What title insurance covers and why it’s important

Title insurance can reveal any past problems that may arise when selling a property. While most types
of insurance policies protect against future events, title insurance protects against past events
from coming back to bite property owners

Terms such as “cloud on title” or “defective title” mean there are unresolved issues that could cause
confusion on the ownership of the property. Title insurance helps uncover potential problems such as
liens, foreclosures, inheritance issues, false deeds — anything that could lead to questions about
the legal ownership of a property.

Title Insurance Protects Rights to Ownership

Obtaining title insurance is an important part of conducting due diligence and a successful close of
escrow. Title proves that an owner has the right to possess a specific property and legally sell it.
The last thing a buyer or seller wants during a real estate transaction is for someone to challenge
the owner’s property rights. Every policy is based on the specific property, the terms of the
transaction, and the needs of the buyer and seller.

For commercial properties, there are title insurance policies for both lenders and property owners.
Owner’s title insurance protects the buyer from any disputes, while lender’s title insurance
protects the bank that financed the property.

It Starts With A Title Search

Before issuing a policy, the title insurance company will conduct a title search. This helps reveal
any liens or other encumbrance that could cause a third party to dispute the seller’s ownership
rights. If there are any unresolved matters, the title search will uncover it.

The Preliminary Title Report Tells The Story

After the title search is complete, the title insurance company issues a preliminary title report.
This shows the history of the property — mortgages, deeds, easements — everything that has been
recorded on the property. It also lists other information such as zoning, property tax information
and legal description of the property.

Due Diligence

Next, the buyer and the seller will review the findings listed on the preliminary title report. This
provides the seller the chance to challenge any errors and address any problems with title. Equally
important, it gives the buyer opportunity to make sure the property claims of the seller match the
report.

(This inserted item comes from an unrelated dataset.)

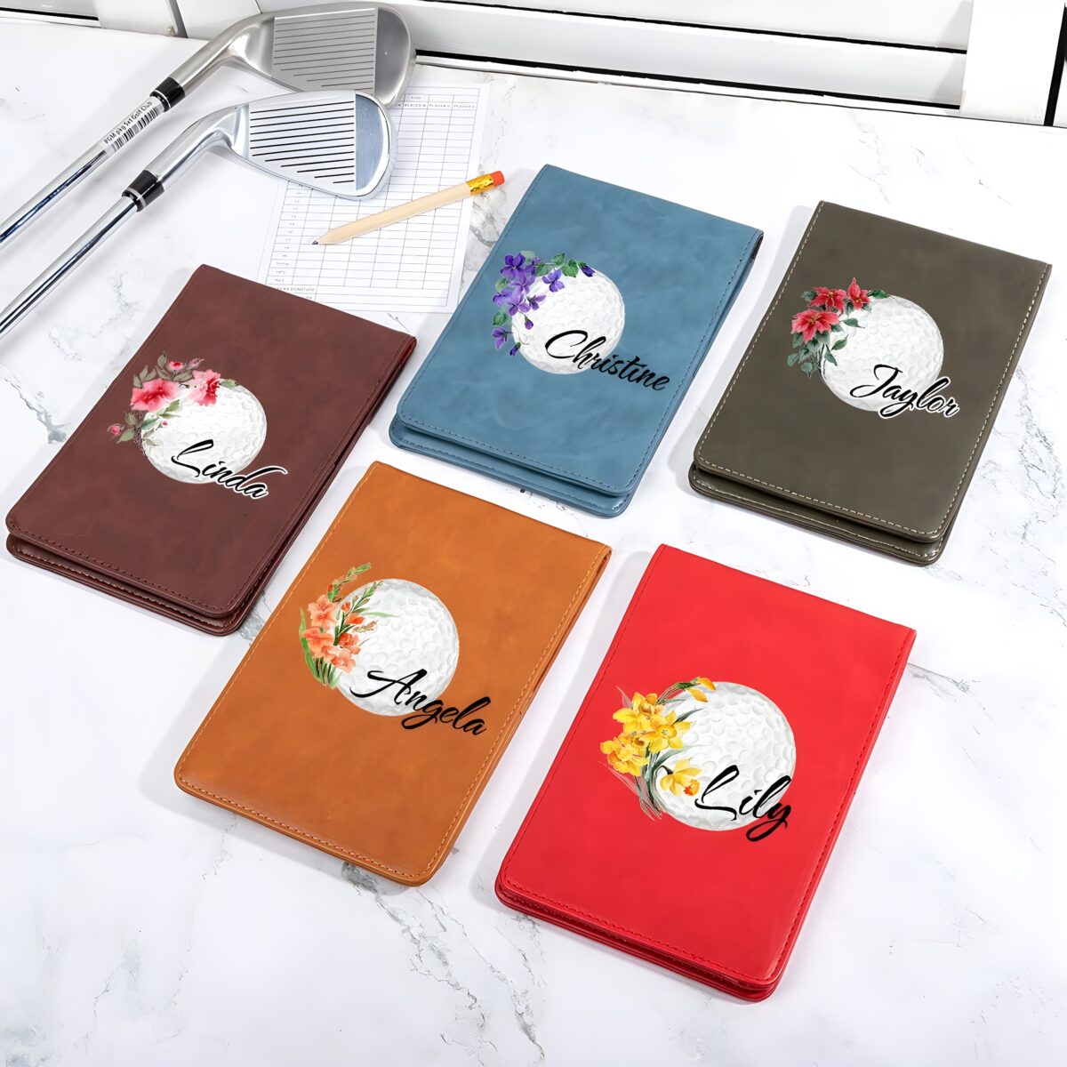 🌷 Embrace the charm of your birth month with this personalized birth flower golf scorecard holder, a stylish and durable leather accessory designed for women who love the game.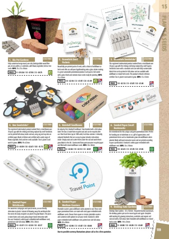 Due to possible currency fluctuations please call us for a firm quotation.119PLANTS & SEEDS15Fully customised wrap round, one side, biodegradable wood fibre pot, x4 coir pellets, x5 seedsticks, with flower, vegetable, herb or tree seeds. MPA: 70 x 74 x 49mmThis registered trademarked product evolved from a matchbook over 30 years ago with the striking end being replaced by seed! Seedsticks can be printed full colour, inside and out, using veg and soy inks on certified paper. Made in Britain and certified with a wide range of flower, vegetable, herb and tree seeds available. Tear it, plant it and watch it grows. MPA: 99 x 67mmFor awareness campaigns and special events, an eco-friendly alternative to plastic. Instead of throwing away the wristband after the event, the lucky recipient can plant it to grow flowers. The piece is taken home and saved, giving longer brand interaction with the user. Standard is white paper embedded with wildflower seed, printed one side full colour. MPA: 240 x 20mmBeautifully pre-printed packs of seeds, with a choice of wildflower or herb seeds. We can add your logo/branding onto a gloss sticker making it a great sustainable promotional product. Each pack is foil sealed with a gloss finish and contains loose seeds ready for planting. MPA:35 x 35mmAn industry first, Rainball SeedBoxes! Box branded with a full-colour label. The box is made from recycled card and can be recycled after use. Short lead times (up to 1000 units). Each box contains 3 vibrantly coloured Rainballs that are so easy to grow. Includes instructions inside. Simply soak and scatter them under the soil and watch them grow. Made in the UK. Constructed from post-consumer recycled paper and filled with mixed wildflower seeds. MPA: 50 x 50mmPlantable coasters grow wildflowers when planted in soil. These seed paper promotional items are made with seed paper embedded with wildflower seeds. Choose from square or circular plantable coasters and customise with options to suit your needs. Standard is white paper embedded with wildflower seed, printed one side full colour.MPA: 89 x 89mmThis registered trademarked product evolved from a matchbook over 30 years ago with the striking end being replaced by seed! Express Seedsticks come with a standard card case with fully customisable labels that can be printed in full colour and are available with wildflower or mixed herb seeds. The product is Made in Britain certified. Tear it, plant it and watch it grow. MPA: 35 x 35mmBe remembered for this unique and green promotional item. Perfect for handing out at tradeshows or as a gift of appreciation, seed promotional items such as bookmarks grow into wildflowers when planted. Made with post-consumer waste and are printed according to your specifications. Standard is white paper embedded with wildflower seed. MPA: 50 x 210mmDesktop Tube Gardens - 42 x 102mm - Recycled brushed aluminium, the desktop garden pot can be reused again and again. Complete with twisting lid, growing instructions, seedsticks and organic soil coin (x3) with a full colour label. Available with wildflowers or mixed herbs seeds. MPA: 144 x 23mm1. Bio Pot Gardens4. Bee Seedsticks%u00ae7. Seeded Paper Wristbands2. Essentials Seed Packets5. Rainball Seedboxes8. Seeded Paper Medium Coasters3. Essentials Seedsticks%u00ae6. Seeded Paper Small Bookmarks9. Desktop Tube GardensPRICE: 50 - %u00a314.26 / 100 - %u00a37.93 / 250 - %u00a34.75PRICE: 250 - %u00a34.59 / 500 - %u00a32.67 / 1000 - %u00a31.75PRICE: 100 - %u00a33.37 / 250 - %u00a32.54 / 500 - %u00a32.27PRICE: 100 - %u00a32.18 / 250 - %u00a31.97 / 500 - %u00a31.49PRICE: 50 - %u00a32.58 / 100 - %u00a32.12 / 250 - %u00a32.01PRICE: 100 - %u00a32.94 / 250 - %u00a31.07 / 500 - %u00a30.84PRICE: 100 - %u00a32.13 / 250 - %u00a31.87 / 500 - %u00a31.44PRICE: 100 - %u00a32.61 / 250 - %u00a31.39 / 500 - %u00a31.05PRICE: 50 - %u00a34.88 / 100 - %u00a34.28 / 250 - %u00a33.69E1511901E1511904E1511907E1511902E1511905E1511908E1511903E1511906E1511909

Once both the buyer and seller accept the Preliminary Title Report, it will become the final
report used for the title insurance policy.

Common Title Problems

With this in mind, the seller will need to resolve all title issues in order to provide a clear title
to the buyer so the property can legally be sold. To illustrate, here are some examples of common
title problems that a title report may bring to light:

Mechanics Liens

Contractors or anyone who provides services for a property may file a lien on the property to make
sure they get paid for their work. Once the work is complete, they should remove the lien. Problems
often arise when the contractor has not filed the lien removal.

Child Support or Spousal Support Liens

When a divorced spouse does not remove a lien, it can show up decades later. Even if they have
resolved the issue, they must remove the lien in order to have clear title.

Unknown Beneficiaries or Co-Owners

If an owner has inherited a property from a trust, there may be other beneficiaries that would need
to sign the transfer of title. All owners must be identified and available to transfer the property.

Easements

A third party may have the right to use the property for a specific purpose.

Encroachments

The property might encroach on another owner’s land, or vice versa.

In the final analysis, a title insurance policy is the best protection against any unforeseen title
problems that may arise during a real estate transaction. For a relatively small cost, it helps
protect owners rights and remains in effect for as long as they own the property.